Oil sector jobs in Canada = Bad.

Oil sector jobs in foreign countries = Good.

Canadian virtue-signalling

In many ways, Carney’s hypocrisy is simply another example of Canada’s rampant virtue-signalling.

We see this attitude in how Justin Trudeau is willing to accuse Canadians of genocide, yet won’t say the same about China or ISIS.

We see this attitude in how our elitist political class opposes Canadian pipelines, but is glad to import oil from places like Saudi Arabia.

And we see it in how prominent Canadian ‘environmentalists’ lecture everyone while enjoying a life of luxury that features a massive carbon footprint.
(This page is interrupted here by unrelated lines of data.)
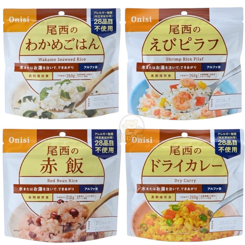 日本 Onisi 尾西 乾燥飯 泡飯 沖泡飯 沖泡即食乾燥飯 咖哩風味 蝦仁風味 紅豆風味 海帶芽風味 露營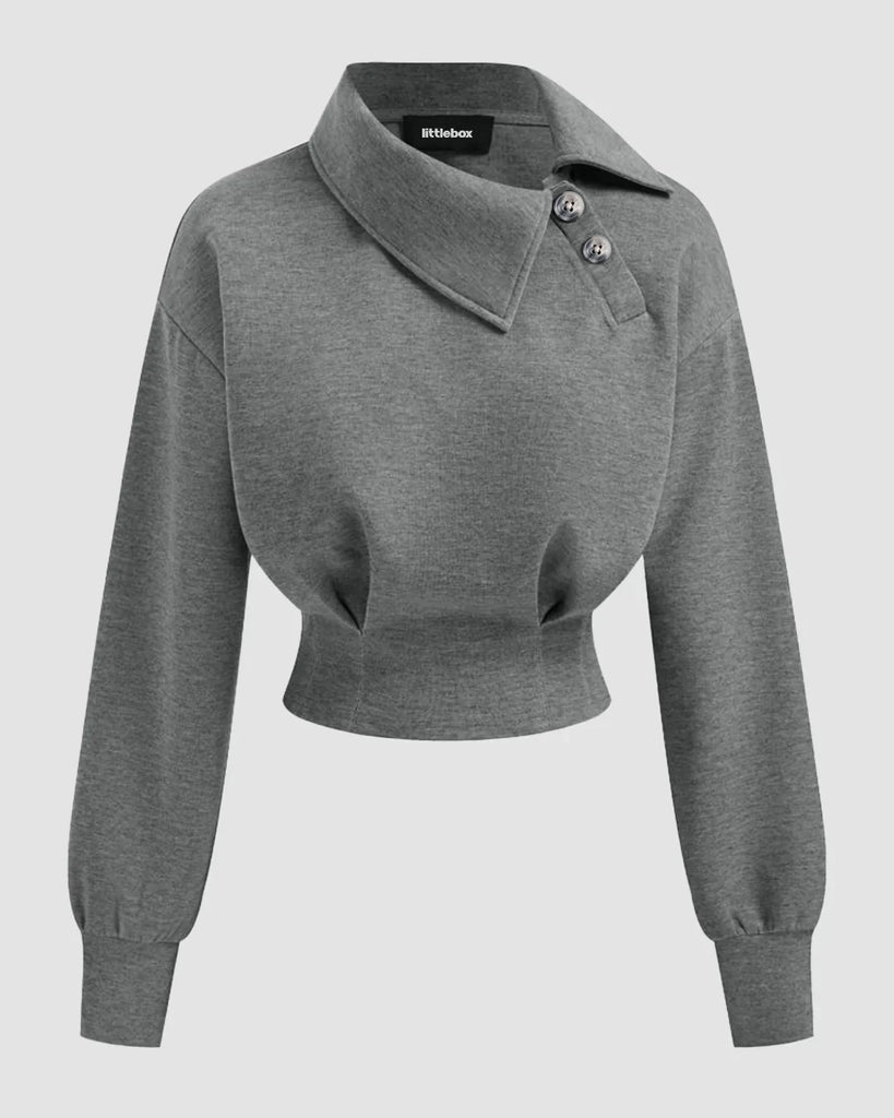 White blouse with long sleeves, a long collar, pleated peplum waist, and button closure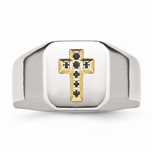 Impeccable in both style and design, this polished 316L stainless steel tapered ring features a raised 14k yellow gold accent cross set with genuine blue sapphires totaling 1/15 carat. The ring top measures approximately 13mm wide.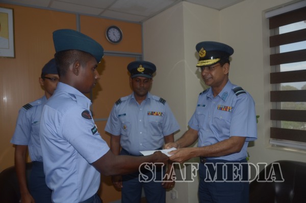 The Commander of the Air Force, Air Marshal Gagan Bulathsinghala awarded prizes to the winners of the Flight Safety Poster Competition 2015, this afternoon (14 Sep 2015) at Air Force Headquarters. The 1st Prize of 10,000 rupees was won by Sgt Gunawardana DCM, while the second prize of 7.500 rupees was won by Flight Sergeant Darnasiri KAR.  The third prize of 5,000 rupees was wo...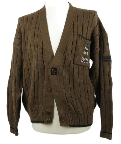 Pánský hnědý propínací vlněný svetr s nápisy Maser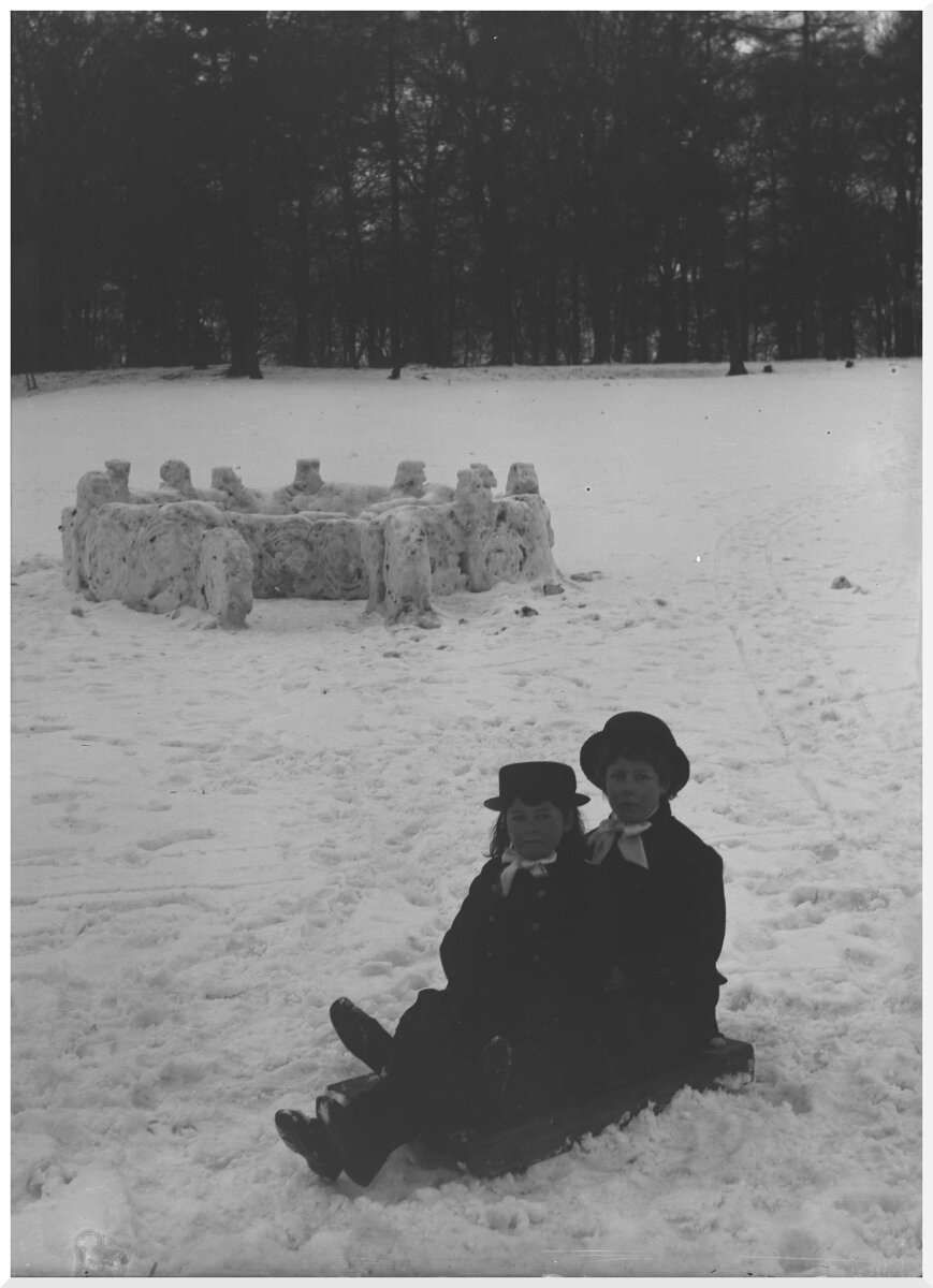 Gertie & Nona on one small toboggan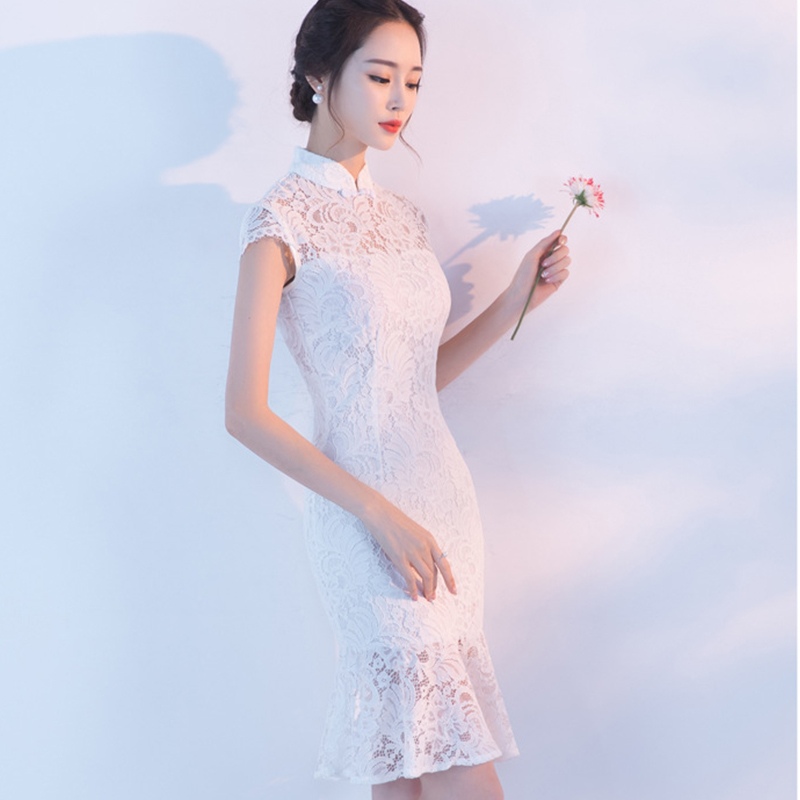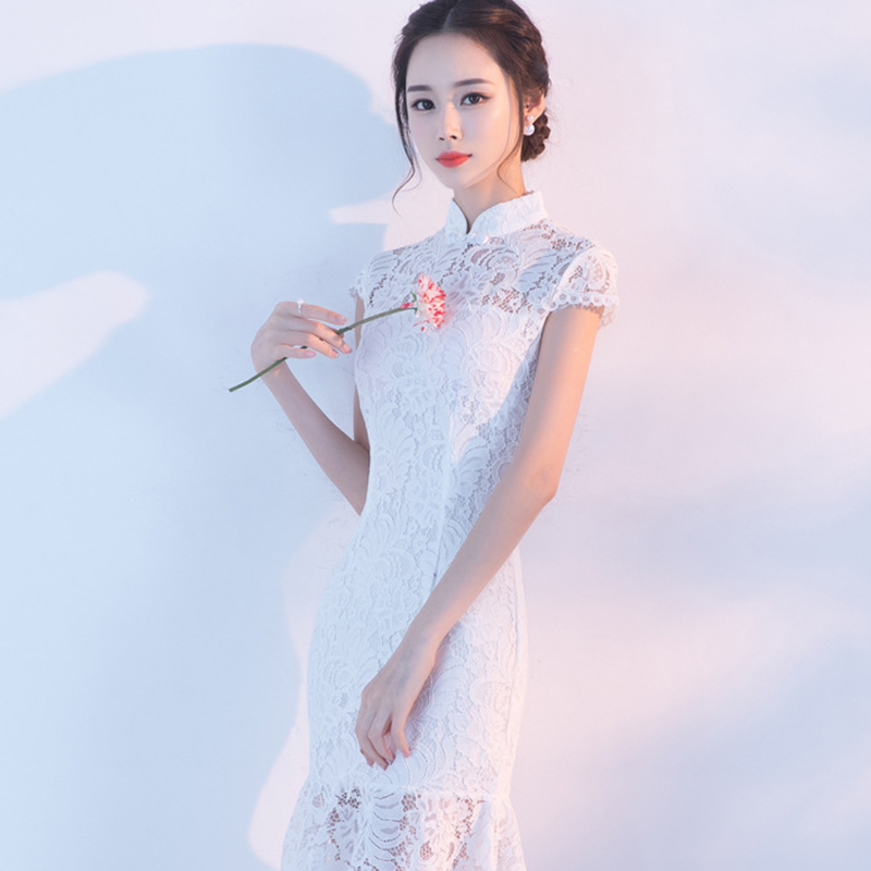 107春夏新款改良旗袍性感蕾丝小清新中式鱼尾旗袍连衣裙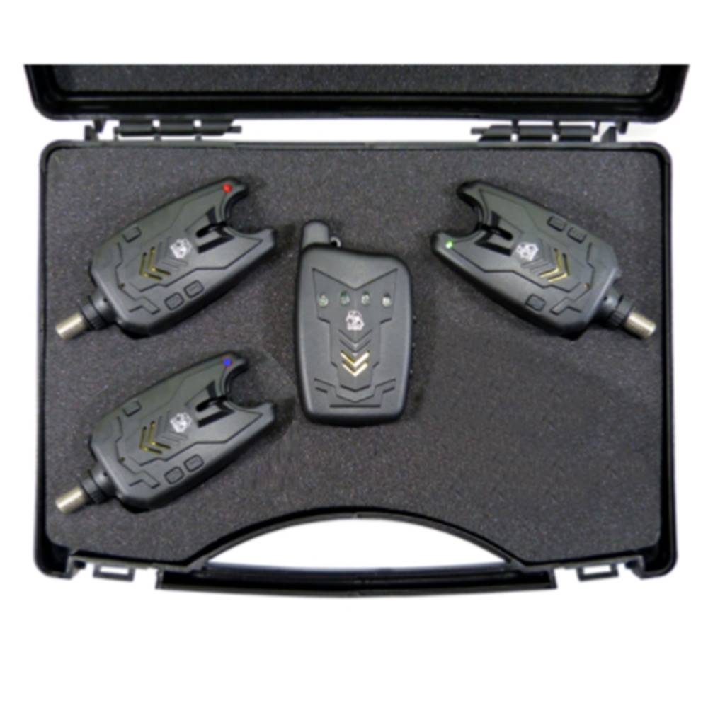 ARAPAIMA FISHING te trae el nuevo juego de alarmas EUROBITE de BEHR con gran alcance del receptor. Estamos seguros que son una de las mejores alarmas en cuanto a su relacion calidad/precio del mercado, no encontrará nada mejor a este precio. Testadas personalmente por el equipo de probadores de Arapaima Fishing. Las alarmas están equipadas con botones para ajustar la sensibilidad «S» y para ajustar el tono «T». Al presionar el botón «S» se ilumina más y la sensibilidad disminuye. La tecla de encendido funciona tambien como Volumen con toques cortos. Las alarmas funcionan con 1 pila de 9V (no incluida). El receptor está equipado con botones para ajustar el volumen «V» y para ajustar el tono «T».

In all these things, they expect us to act like serfs who notice the hypocrisy of a feudal lord:

Be quiet, put your head down, and ‘listen to your betters.’

Of course, that attitude is completely in opposition to the idea of democracy, where our leaders are supposed to serve us and be held accountable.

Thus, the same people who claim to be so concerned about the supposed ‘decline of democracy’ are themselves the biggest contributors to that decline, by embracing an arrogant hypocrisy that destroys trust in our leaders, generates more anger, outrage, and division, and employs gaslighting and a sense of helplessness as people witness hypocrisy and are expected to pretend it doesn’t exist.

As long as we continue to allow hypocritical ‘leaders’ to oppose our national interest, Canada will never achieve our full potential, and will remain in danger of breaking apart.